4. Create a Series object for each household `s_atypical_1` and `s_atypical_2` with all the dates of the year as index, and values `True` and `False` representing if you find that the energy consumption on that day looks atypical. You may create these Series objects by hand. Such an object could be created like this:

   `s_atypical_1 = pd.Series(index=df_household_1['date'].unique()).fillna(False)`

   Here, `pd.Series()` creates a new Series object, using the unique values from the `date` column of `df_household_1` as index. As no data is given, the object is initialized with NaN values. `fillna(False)` fills these NaN values with `False`. You can then set particular dates or ranges of dates in the Series object to `True` by hand.

   It may be very useful to zoom in on particular days in the plots above, so feel free to do that. Be mindful of the filters you are using and check your suspicions with the hourly data. When you are confident that consumption for a particular house for a particular period is atypical, set the values in the Series object for that household for those days to `True`. Repeat this process until you can no longer find periods with atypical behavior for either household.

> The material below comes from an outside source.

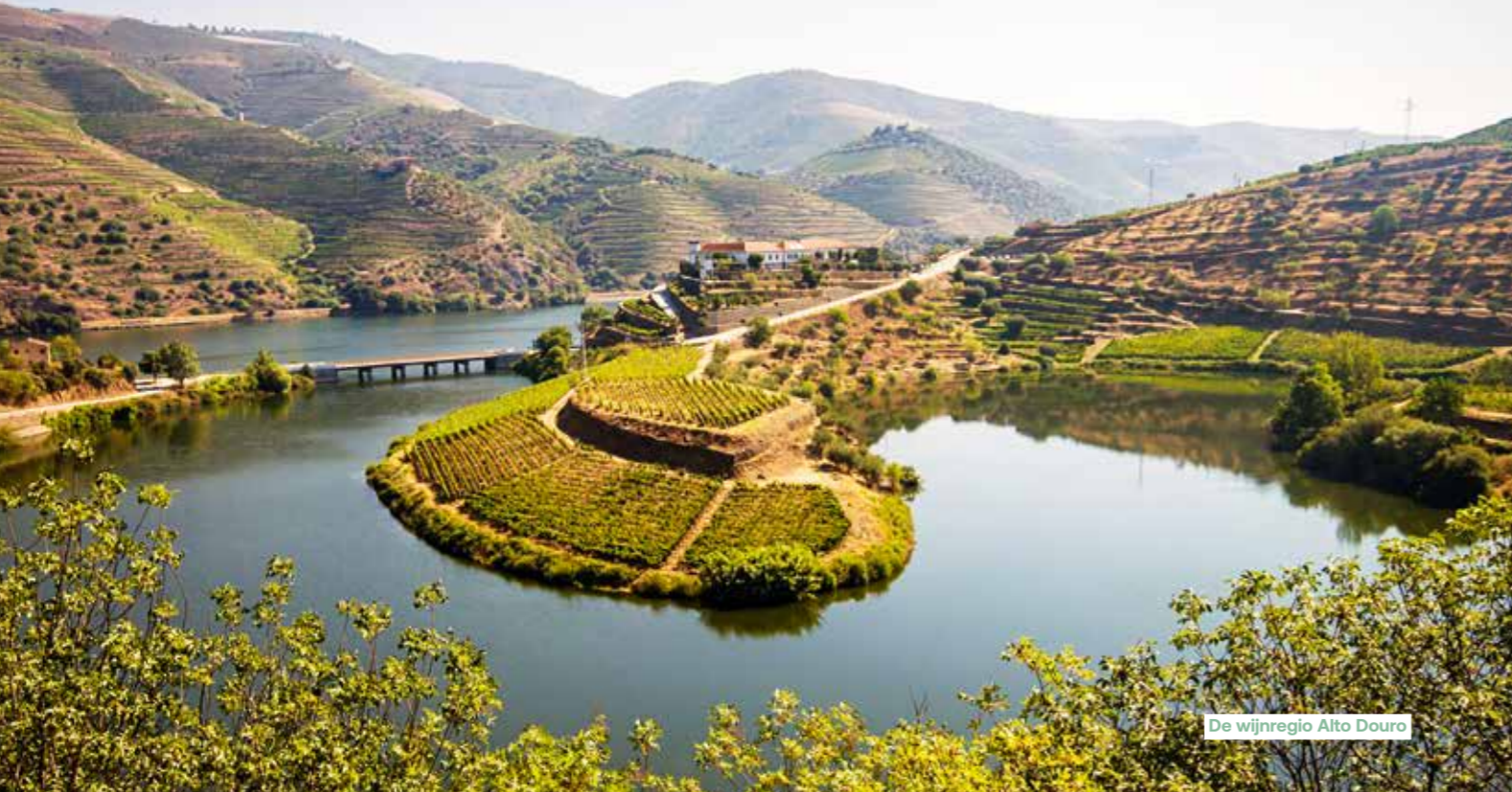
De wijnregio Alto Douro

   Write down your reasons for marking periods as atypical and store it as a string in the variable `atypical_reasons`. Did you find different kinds of atypical behavior?

In [None]:
#// BEGIN_TODO [Atypical-series] (3 points)

# ===== =====> Replace this line by your code. <===== ===== #


In [None]:
#// END_TODO [Atypical-series]

# Hypothesis test

You have investigated when and where values are missing, made and interpreted some initial plots of the data, written a problem statement and hypothesis based on the data, and identified atypical periods in the data. Now it is time to test your hypothesis.

1. Execute the proper steps for a hypothesis test: check whether the hypothesis test is appropriate for this data, apply the test, and report the outcome. Make sure to go through all the necessary steps in your solution: clearly write down your null hypothesis and alternative hypothesis, the level of significance, etc.

   There may (or may not) be seasonal effects to the consumption of gas and/or electricity. To reduce the influence of such effects on the hypothesis test, you may want to restrict the data to a shorter time span, for instance just to winter months, or use the weather data to make this distinction.

   Of course, you should also apply what you learned about missing values and atypical periods in this data set.

   Perform the same test for **each household separately**. Are the results the same, or different? Reflect on this in your poster. You may want to check if you have any information in `df_customer`.

In [None]:
#// BEGIN_TODO [Hypothesis-test] (1 point)

# ===== =====> Replace this line by your code. <===== ===== #


In [None]:
#// END_TODO [Hypothesis-test]

# Create your poster

Finally, create a poster on which you present and discuss your results. You **must use the template of the poster for GA2 available on Canvas**. There, you can also find more information on how to create your poster.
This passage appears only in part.